Remember, this is your life and it’s your decision. If it’s something that you want to do, more power to you. But please, please, please take the advice of the women who have been there and done that.
=======> Takeaways In Two Minutes <=========
If you want to get extremely lean, that’s cool. Just make sure you realize that it will be difficult and it might not be the healthiest thing for your body long-term. If you do want to achieve this level of leanness, make sure you:
1. Do your research and find a great coach who will listen to your wants and needs.

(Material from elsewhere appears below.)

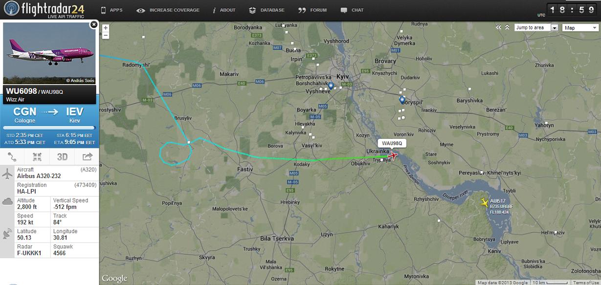 Слушаю переговоры. Пока ждут улучшения погоды. Обычно Трансаэро возвращается назад в Москву. С Борисполем чего-то не сложилось...У них, по-моему, запасной Одесса... 3 ВС Визза висят недалеко от Жулян (точка ZK). Думаю еще пару минут покружат и пойдут на Борисполь. Один из них пытался сесть, но не получилось, принимают решение.

2. Are honest about your priorities. Whether you prioritize getting lean, being healthy, or achieving a high level of performance, this will help mentally prepare you for any consequences (goor or bad) of what you’re doing.
3. Recognize what you’re truly looking for. If you think being extremely lean will bring you happiness/respect/self-esteem/a significant other, you’ll be extremely lean and sorely disappointed.
4. Aren’t afraid to ask your coach questions. If they try to intimidate you or don’t listen to you, don’t be afraid to fire them. They work for you.
5. Don’t do/take anything that makes you uncomfortable. Listen to your body. It knows best.